EXERCISE INPUTS Block Start

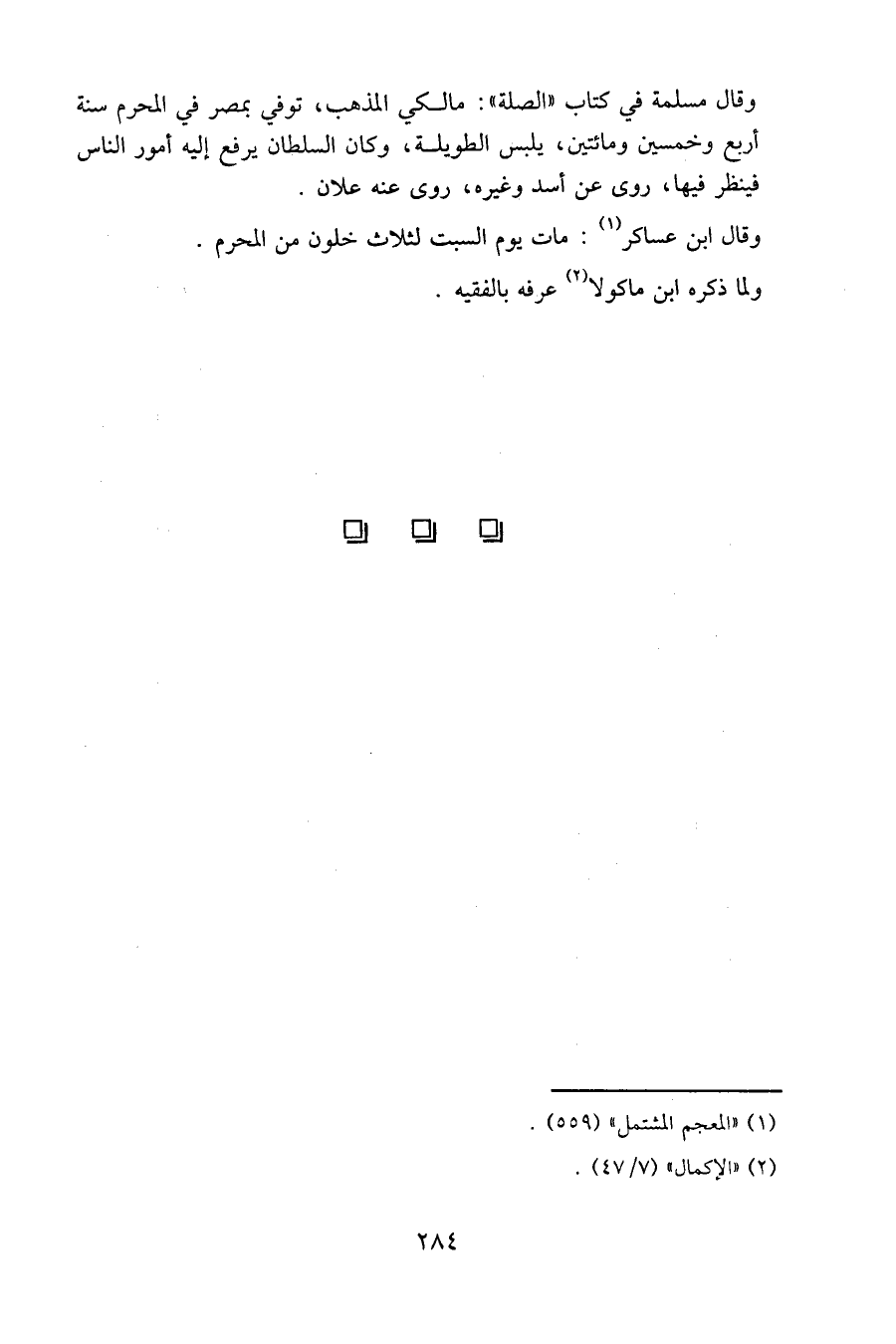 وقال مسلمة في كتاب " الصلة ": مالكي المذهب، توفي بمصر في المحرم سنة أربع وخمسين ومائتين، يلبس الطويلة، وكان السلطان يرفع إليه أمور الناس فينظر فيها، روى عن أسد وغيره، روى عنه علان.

EXERCISE INPUTS Block End
EXERCISE INPUTS Block Start

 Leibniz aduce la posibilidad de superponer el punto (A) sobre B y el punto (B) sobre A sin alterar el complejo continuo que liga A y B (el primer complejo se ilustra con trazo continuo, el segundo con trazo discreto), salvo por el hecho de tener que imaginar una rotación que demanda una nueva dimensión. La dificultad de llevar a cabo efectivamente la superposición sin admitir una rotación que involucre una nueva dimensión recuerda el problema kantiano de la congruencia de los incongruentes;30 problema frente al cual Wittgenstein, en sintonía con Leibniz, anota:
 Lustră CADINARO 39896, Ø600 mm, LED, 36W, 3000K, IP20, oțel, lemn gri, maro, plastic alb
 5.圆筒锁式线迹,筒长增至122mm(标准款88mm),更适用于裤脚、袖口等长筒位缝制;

EXERCISE INPUTS Block End
EXERCISE INPUTS Block Start

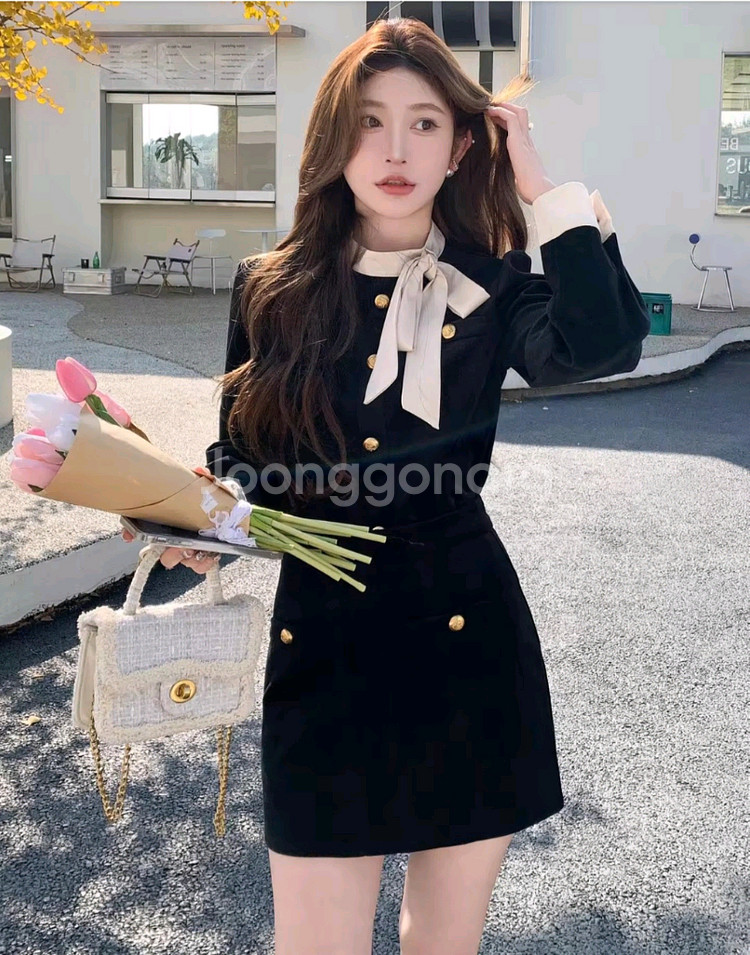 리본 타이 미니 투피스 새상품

EXERCISE INPUTS Block End

Beginning with the line containing "Lustră CADINARO 39896, Ø600" in the material above, copy every line exactly until you have copied the line containing "5.圆筒锁式线迹,筒长增至1".

EXERCISE SOLUTION:
 Lustră CADINARO 39896, Ø600 mm, LED, 36W, 3000K, IP20, oțel, lemn gri, maro, plastic alb
 5.圆筒锁式线迹,筒长增至122mm(标准款88mm),更适用于裤脚、袖口等长筒位缝制;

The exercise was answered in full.